# Becoming a legal business, registering name and logo and ANYTHING else



## kc6789 (Mar 28, 2010)

Ok, I know this has come up a thousand times, but I am having trouble looking at a bunch of different threads to get one solid answer for everything.

I literally would like bullet points as to everything I need to get a business started. Tell me if I am missing anything.

1. Register the business name- legally reserve the name so no one else can use the name- USPTO.GOV

2. Register the logo of the business- legally reserve the logo or image associated with the business- USPTO.GOV

#1 AND #2 are otherwise knows as "Trade marking" right?

3. Get a re-sellers license. Where???

4. Get a business bank account. Any particular place or procedure?

5. Get an EIN number? no idea what that is. Where do I get it?

6. Get a tax ID number? is that also #5? If not, where do I get it?

7. Anything else? 

Do any of these things need to be done in a certain order?

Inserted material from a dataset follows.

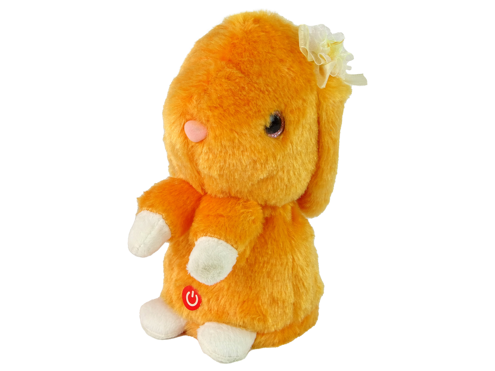 Króliczek jest zabawką interaktywną, która działa dzięki 3 bateriom 1.5V AAA (brak w zestawie). Po włożeniu baterii, włączeniu go przesuwnym przyciskiem i włączeniu z przodu, zaczyna grać radosną melodyjkę i tańczyć lub powtarzać dźwięki, które usłyszy od ciebie. To prawdziwie zabawny sposób na dostarczenie rozrywki i śmiechu maluchowi.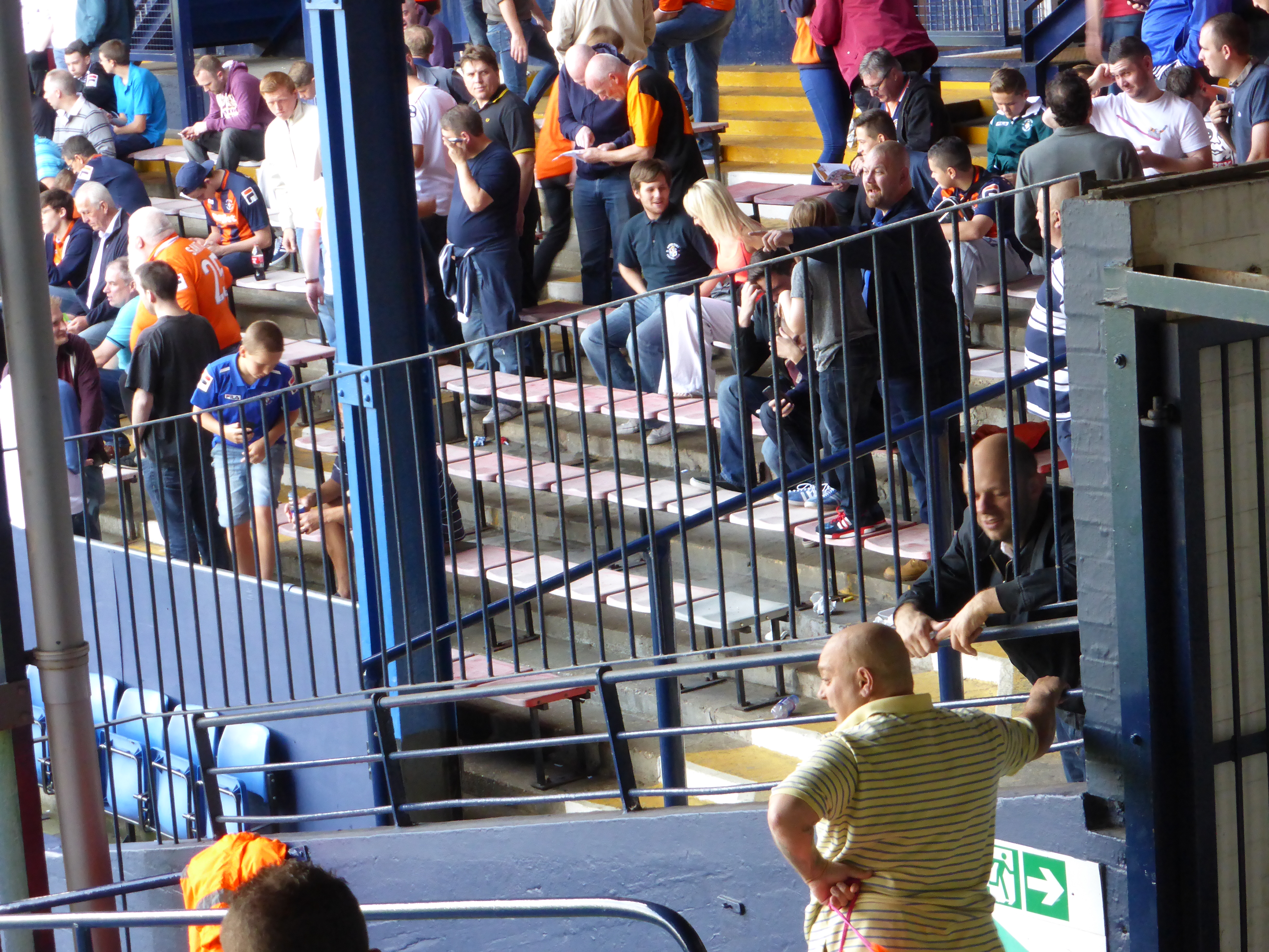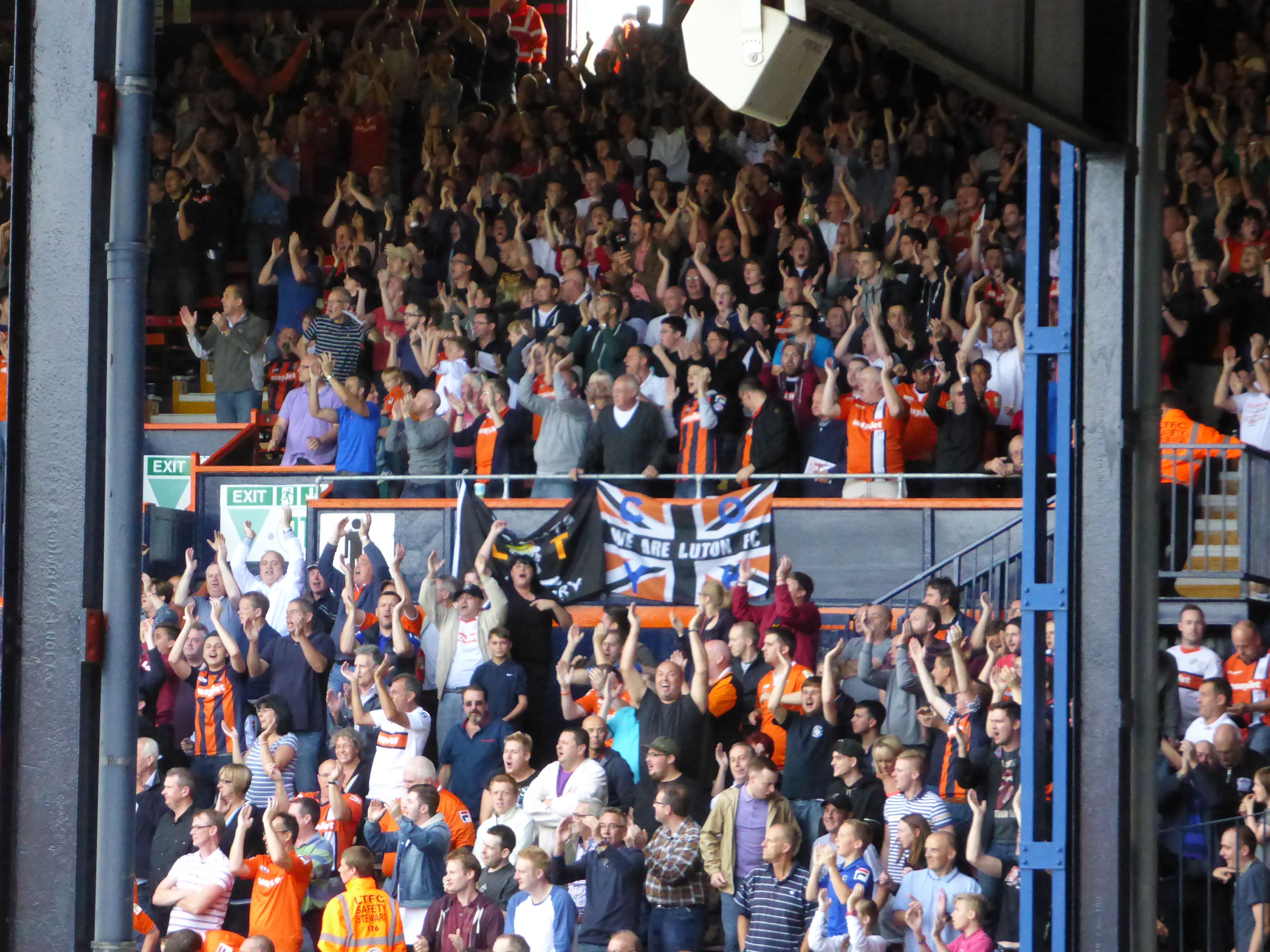 The crowd starts off in pretty good voice, helped on by a Luton goal after about 10 minutes. But gradually it fades out. Thre crowd gets caught up with the tension of the match, which is pretty close and fiercely contested. There are good play and decent chances at both ends, but Luton manage to hold on to the win.

*Please* make this simple! Thanks.


----------



## Plus 37 Research (Jan 12, 2011)

Im not sure if #1 is accurate: If im not mistaken, and if I am someone please correct me, but i beleive a business name can be registered with the county that you live in. I was told that I had to go to the County Clerk's office to register my name legally. Unless you're talking about TM'ing your name. That I know absolutely nothing about lol


----------



## kimura-mma (Jul 26, 2008)

#1 is not correct. You need to register your business with the state of Oregon. The registration will only protect the company name within Oregon. Starting a Business

#2 is correct and is known as a trademark registration. In addition to the logo, you can also register your brand name.

#3... Starting a Business

#4... Any local bank is fine. Research a few and see which are giving the best interest rates right now.

#5 and #6 are the same thing. Apply for an Employer Identification Number (EIN) Online

#7... Look into business insurance. 



kc6789 said:


> Do any of these things need to be done in a certain order?


You should register the business first. Then get the tax id number and resellers permit. Then you can open a bank account.

The trademark can be done at any time. But you'll have to finally decide on a brand name and logo... lol



kc6789 said:


> I literally would like bullet points as to everything I need to get a business started.


Do yourself a favor and ask a local accountant to help you set up your business. It will be a very wise decision to have a knowledgeable professional help you to get it done right.


----------



## kc6789 (Mar 28, 2010)

kimura-mma said:


> #1 is not correct. You need to register your business with the state of Oregon. The registration will only protect the company name within Oregon. Starting a Business
> 
> #2 is correct and is known as a trademark registration. In addition to the logo, you can also register your brand name.
> 
> ...


This is all for my sister in Cali. Not me. Thanks tho.


----------



## kimura-mma (Jul 26, 2008)

kc6789 said:


> This is all for my sister in Cali. Not me. Thanks tho.


Well in that case...

#1 is not correct. She needs to register her business with the state of California. The registration will only protect her company name within California. She should read Step 5 and 6... Starting a Business in California | Business.gov

#2 is correct and is known as a trademark registration. In addition to the logo, she can also register her brand name.

#3... She should read Step 9... Starting a Business in California | Business.gov

#4... Any local bank is fine. She should research a few and see which are giving the best interest rates right now.

#5 and #6 are the same thing. She should read Step 7 and 8... Starting a Business in California | Business.gov

#7... She should look into business insurance. 

She should register her business first. Then get the tax id number and resellers permit. Then she can open a bank account.

The trademark can be done at any time.

Your sister should do herself a favor and ask a local accountant to help her set up her business. It will be a very wise decision to have a knowledgeable professional help her to get it done right.


----------



## kc6789 (Mar 28, 2010)

Thanks guys!


----------



## shavigh (Feb 6, 2011)

thanksssss!


----------